The answer is the full listing below, copied exactly, with its pictures omitted.
DATA below:
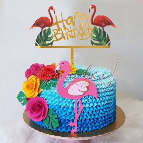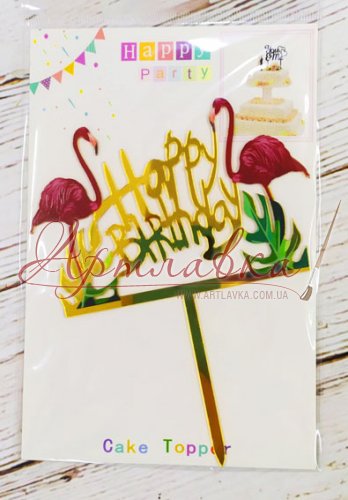 Акриловий золотий топпер у торт із фламінго. Висота ок.15см
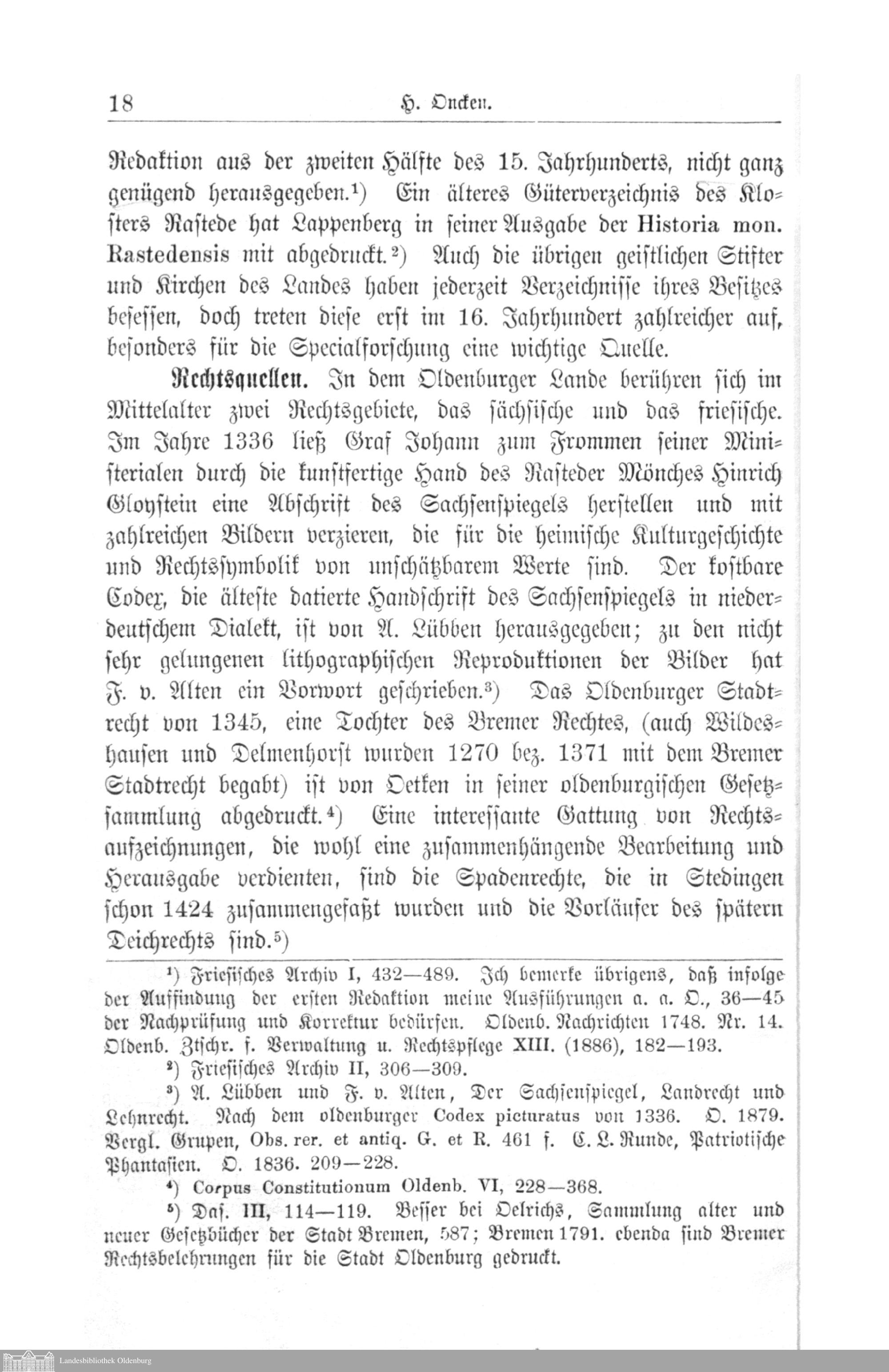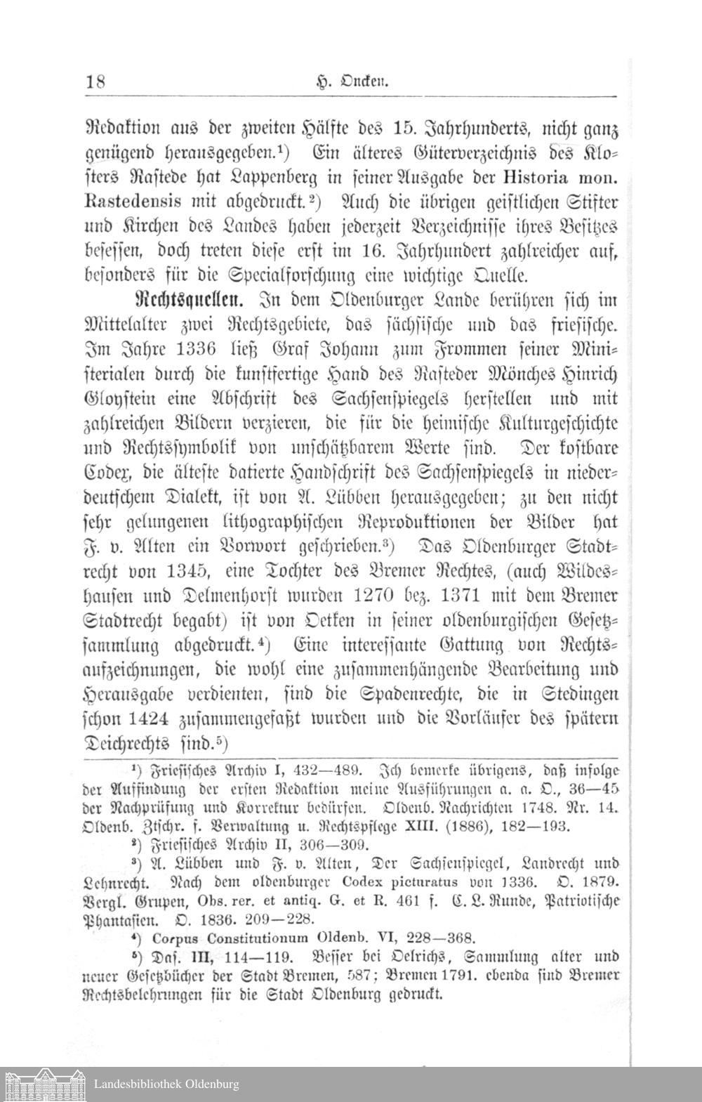 II. Umschau auf dem Gebiete oldenburgischer Geschichtsforschung. Von H. Oncken.
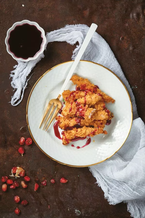 Στικ κοτόπουλου παναρισμένα και γλυκιά σάλτσα ροδιού
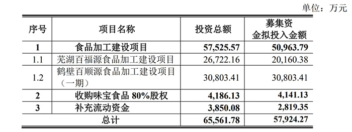 2024年1月16日,千味央廚披露2023年度向特定對象發行股票上市公告書,募集資金總額5.9億元,扣除發行費用后募集資金凈額5.79億元。從募集資金用途來看,食品加工建設項目擬投入占比較大,其次是收購味寶食品80%股權和補充流動資金。
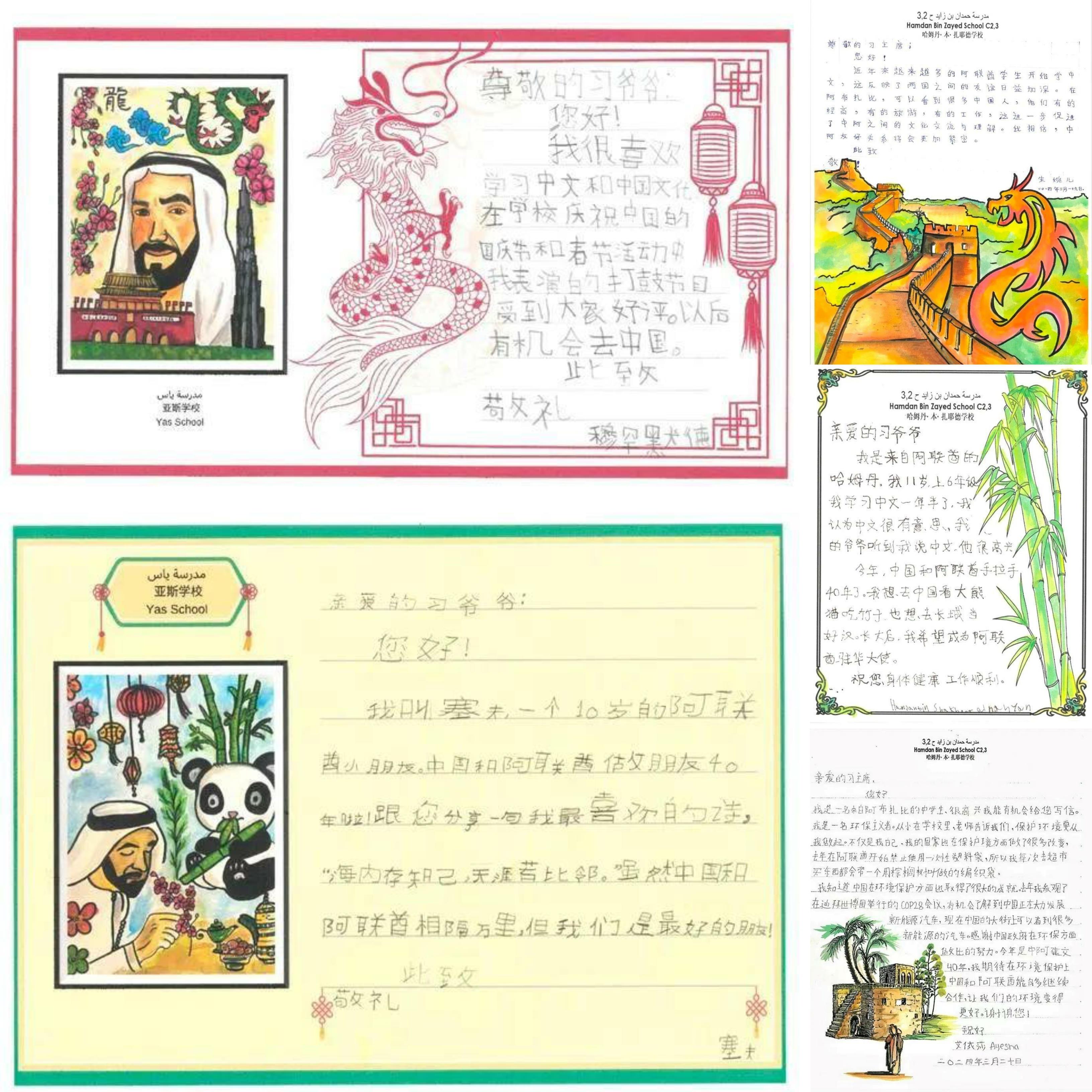 不久前,40封書信從阿聯(lián)酋哈姆丹·本·扎耶德學校、亞斯學校寄往北京,收件人是習近平主席。在這些信箋里,孩子們用中文一筆一畫講述著中阿友好的故事。他們是阿聯(lián)酋中文教學“百校項目”學生代表,代表著阿聯(lián)酋171所開設中文課程的學校中7.1萬名學習中文的學生。
End of DATA.
#### EXERCISE RESULT:
 Акриловий золотий топпер у торт із фламінго. Висота ок.15см
 II. Umschau auf dem Gebiete oldenburgischer Geschichtsforschung. Von H. Oncken.
 Στικ κοτόπουλου παναρισμένα και γλυκιά σάλτσα ροδιού
 2024年1月16日,千味央廚披露2023年度向特定對象發行股票上市公告書,募集資金總額5.9億元,扣除發行費用后募集資金凈額5.79億元。從募集資金用途來看,食品加工建設項目擬投入占比較大,其次是收購味寶食品80%股權和補充流動資金。
 不久前,40封書信從阿聯(lián)酋哈姆丹·本·扎耶德學校、亞斯學校寄往北京,收件人是習近平主席。在這些信箋里,孩子們用中文一筆一畫講述著中阿友好的故事。他們是阿聯(lián)酋中文教學“百校項目”學生代表,代表著阿聯(lián)酋171所開設中文課程的學校中7.1萬名學習中文的學生。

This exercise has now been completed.